All’apertura del vertice sull’implementazione del clima della COP27 a Sharm el-Sheikh, in Egitto, il Segretario generale delle Nazioni Unite António Guterres ha chiesto un patto storico tra paesi sviluppati e paesi in via di sviluppo per unire le forze e orientare il mondo verso la riduzione delle emissioni di carbonio, la trasformazione dei sistemi energetici e la prevenzione di una catastrofe climatica.
«L’umanità ha una scelta da fare: cooperare o morire. Si tratta di un patto di solidarietà per il clima o di un patto di suicidio collettivo», ha detto il Segretario generale delle Nazioni Unite agli oltre 100 leader mondiali riuniti per la prima plenaria ufficiale della Conferenza delle Nazioni Unite sul cambiamento climatico.
Sulla Terra ci sono 8 miliardi di persone. Ma non è questa la causa del cambiamento climatico, dicono gli scienziati. Non è il numero di persone, ma «il modo in cui viviamo», afferma Katharine Hayhoe di Nature United.
Quest’anno, in vista della COP27, le Nazioni Unite hanno chiesto spazi inclusivi per la società civile: «Hanno sottolineato il ruolo essenziale della società civile nel promuovere l’azione per il clima e hanno esortato l’Egitto a garantire una partecipazione sicura e significativa alla conferenza, anche per i gruppi indipendenti».
Nonostante le sfide presentate, le varie confessioni religiose hanno fatto sentire la loro voce organizzando più di 40 eventi collaterali, meditazioni, interventi e azioni per suscitare ambizione e sensibilizzazione nei confronti della nostra casa comune. Le Suore cattoliche erano tra le migliaia di attivisti che spingevano i leader mondiali a impegnarsi per ridurre le emissioni e finanziare le perdite e i danni derivanti dai cambiamenti climatici nel Sud del mondo.
I giovani erano sotto i riflettori e hanno avuto maggiore risalto alla COP27. Il Segretario esecutivo delle Nazioni Unite per il Cambiamento Climatico ha promesso di esortare i governi non solo ad ascoltare le soluzioni proposte dai giovani, ma a incorporarle nel processo decisionale e politico. I giovani hanno fatto sentire la loro voce attraverso il primo padiglione unico nel suo genere, dedicato ai bambini e ai giovani e il primo Forum sul clima guidato dai giovani.
Entro il 2050, fino a 216 milioni di persone potrebbero essere costrette a sfollare per effetto dei cambiamenti climatici. I Paesi delle Isole del Pacifico lottano per garantirsi un futuro prima che l’innalzamento del livello del mare li inghiotta.

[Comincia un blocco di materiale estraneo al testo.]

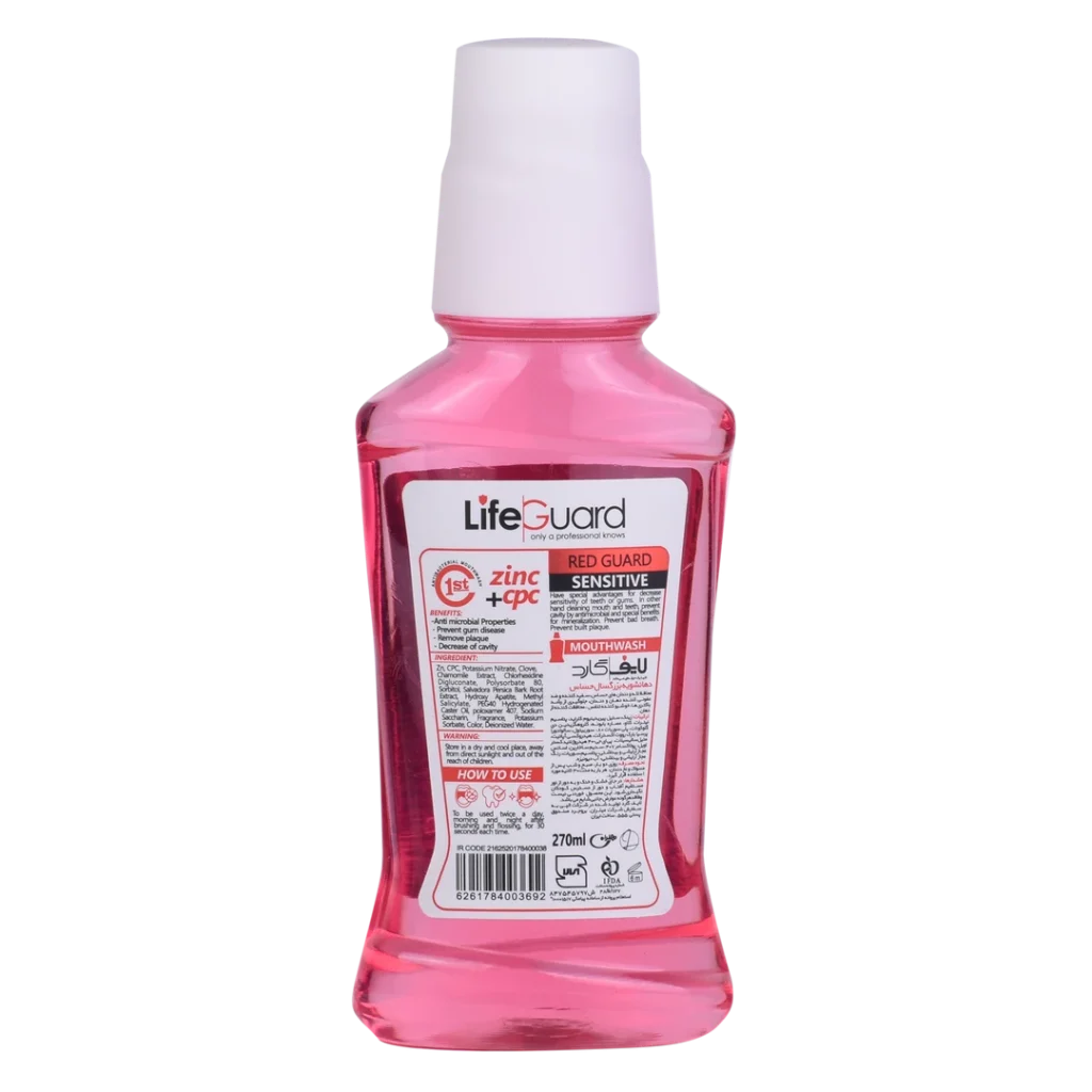و در نهایت، مهمترین ویژگی دهانشویه بزرگسال (Red Guard) برند لایف گارد، تأثیر بسزایی است که در کاهش حساسیت لثه و دندانها دارد و این کار را با مسدودسازی احساس درد توسط پتاسیم نیترات انجام میدهد. علاوه بر این ویژگی، در تمیز کردن حفره دهانی و پیشگیری از پوسیدگی دندانها نقش داشته و در استحکام دندانها بسیار تأثیرگذار است؛ این محصول، از بوی بد دهان پیشگیری کرده و جلوی تشکیل پلاک را نیز میگیرد. با این محصول، لبخندی درخشان را تجربه کنید، طعم خنکی و تازگی را بچشید و از سلامت حفره دهانیتان اطمینان حاصل کنید.

Sono in prima linea sul fronte della crisi climatica, nonostante abbiano contribuito per meno dello 0,03% delle emissioni totali di carbonio nel mondo. E per aggirare le condizioni calamitose causate dal cambiamento climatico, stanno adottando misure disperate per salvaguardare la loro esistenza. Un Paese è più della sua terra, un Paese è il suo popolo, la sua natura, la sua cultura, le sue tradizioni, la sua storia e la sua capacità di autogovernarsi come nazione. Ma senza un territorio sovrano su cui poggiare, un Paese può continuare a esistere?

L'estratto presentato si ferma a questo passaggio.